FIG. 2 illustrates a handover process in the system illustrated in FIG. 1.
With reference to FIG. 2, the terminal 10 periodically measures signals of the neighbor BSs while communicating with the serving BS 21, and transmits the measurement results including a value of the strength of the measured signal to the serving BS 21. The serving BS 21 may be the foregoing macro BS or the femto BS.
The serving BS 21 determines a target BS as a BS having a signal strength suitable for the terminal 10 to perform handover, among neighbor BSs, based on the measurement results, and then, in order to make the terminal 10 perform handover to the determined target BS, the serving BS 21 transmits a handover (HO) request message. The HO request message includes the information required for the handover, e.g., a cell ID (serving cell, target cell) and context of the terminal, the reason for performing handover, information of a movement path of the terminal (UE history information). The context of the terminal includes security, QoS, a user priority level, and the like.
Upon receiving the handover request message, the target BS 22 transmits a HO Request Confirm message to the serving BS 21, to inform that whether or not handover is allowed. Upon receiving the HO Request Confirm message, the serving BS 21 forwards data traffic of the terminal to the target BS 22.
The serving BS 21, transmits a handover (HO) command message to the terminal 10 to command the terminal 10 to perform handover to the target BS 22. Upon receiving the HO command message, the terminal 10 performs a handover (HO) execution process to access the target BS 22.

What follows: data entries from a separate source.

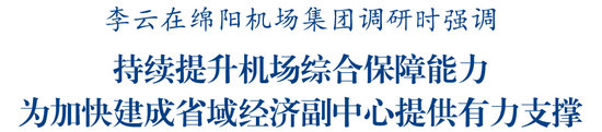 綿陽新聞網(wǎng)訊 8月6日,市委副書記、市長李云前往綿陽機場集團,調(diào)研服務(wù)文化強市旅游強市建設(shè)、服務(wù)保障旅客出行和機場運行、安全生產(chǎn)工作,強調(diào)要深入學習貫徹習近平總書記關(guān)于交通運輸工作的重要論述,認真落實省委十二屆七次全會和市委八屆十次全會精神,持續(xù)提升機場綜合保障能力,為加快建成省域經(jīng)濟副中心提供有力支撐。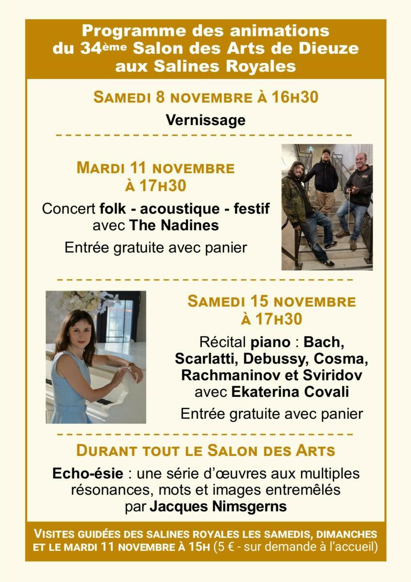 ℹ️ Animations musicales mardi 11 et samedi 15 novembre à 17h30, exposition Echo-ésie mots et images entremêlés, visites guidées des salines possibles les samedis, dimanches et le mardi 11 novembre à 15h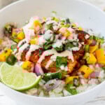 Add rice to serving bowls and add lime zest. Top with cod and a serving a mango salsa. Finish with creamy lime sauce.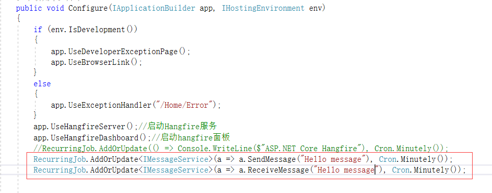 hangfire的任务需要数据库持久化,我们在Startup类中修改ConfigureServices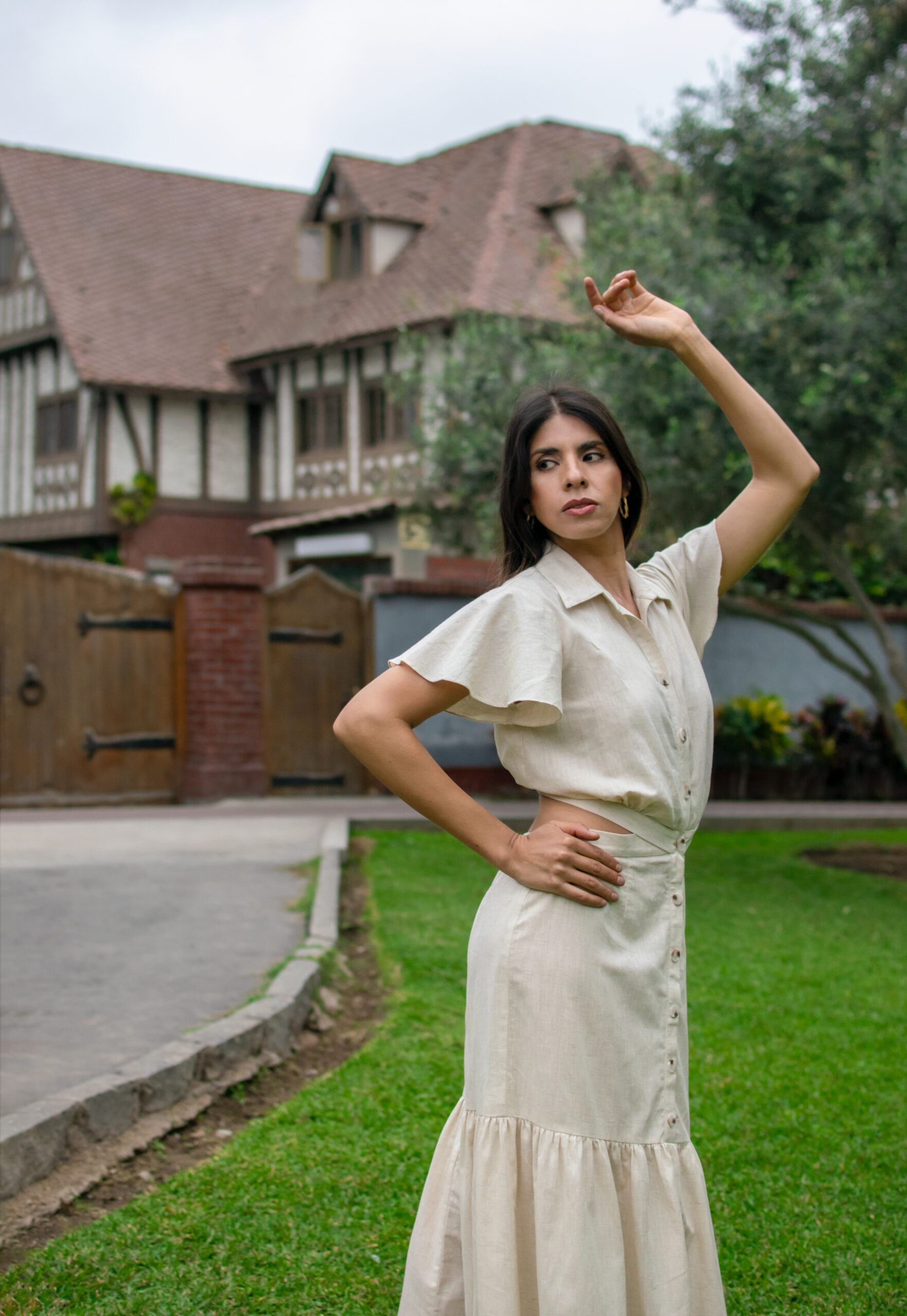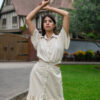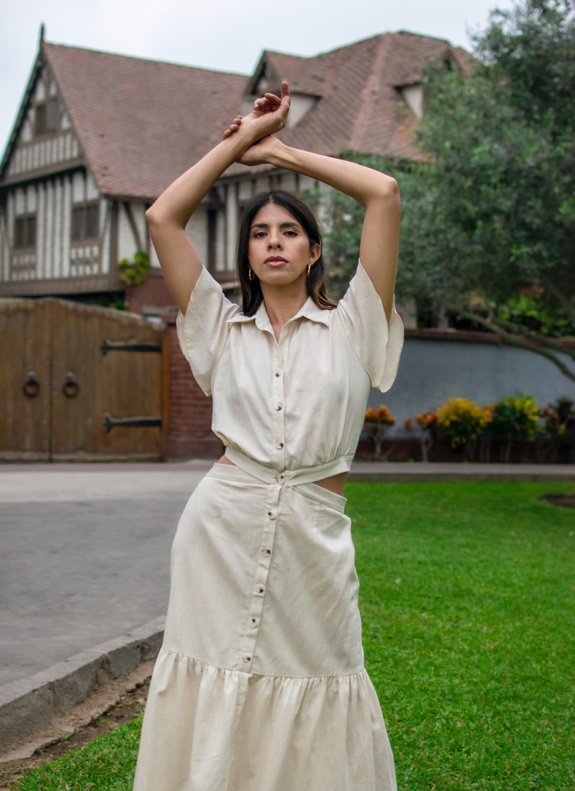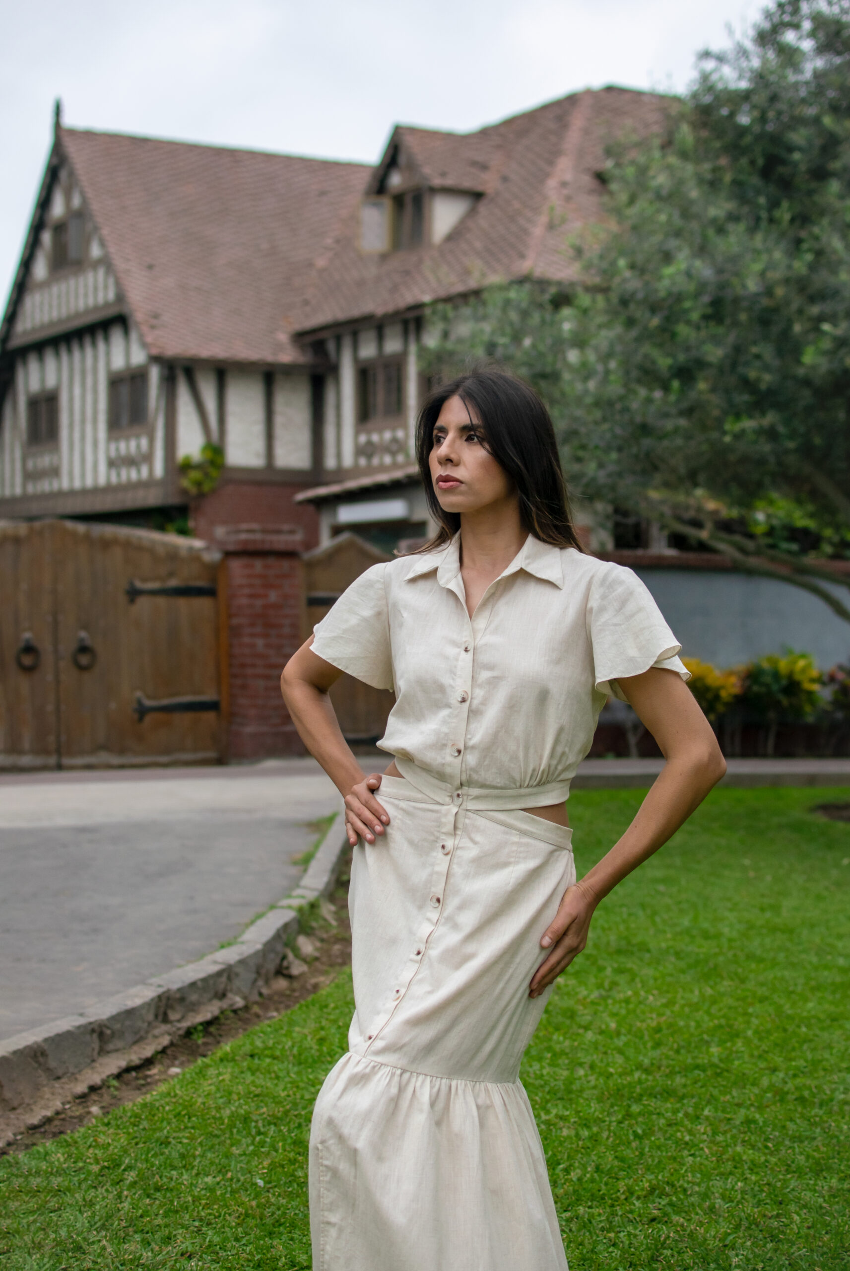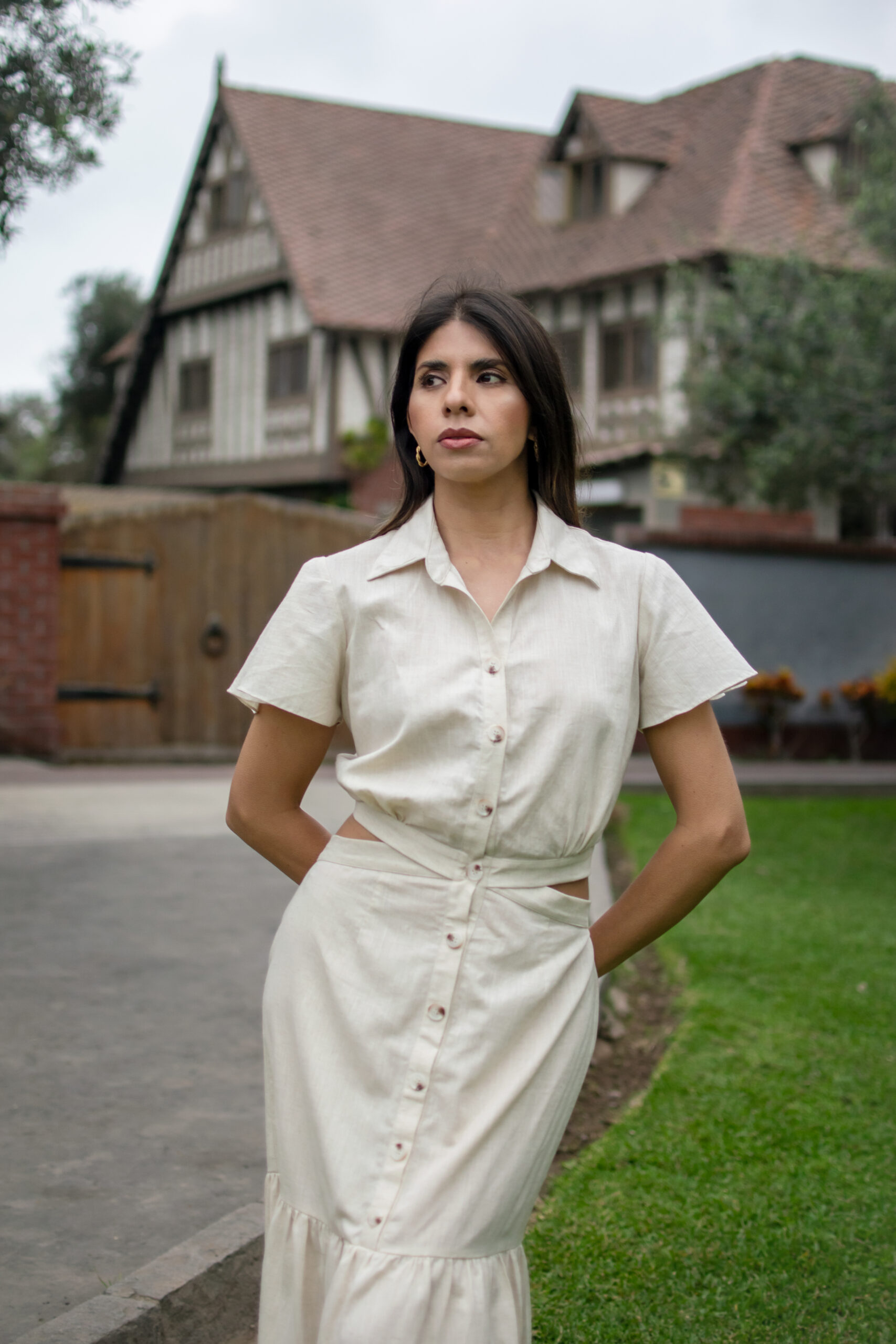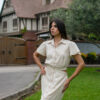 Vestido camisero con botones frontales y corte en la cintura, un básico versátil que combina estructura y frescura.

Meanwhile, the serving BS 21 and the target BS 22 may be macro BSs or femto BSs. In case of handover performed between the macro BS and the femto BS, the foregoing messages are transmitted or received among the femto BS, the MME, and the serving BS through the general Internet, and in this case, the Internet cannot guarantee no delay of the messages nor guarantee QoS such that the messages have a higher transmission priority level, causing handover to be delayed.
As mentioned above, when the terminal performs handover to the target femto BS or newly access the target femto BS, delay may occur because the related messages are transmitted and received through the Internet.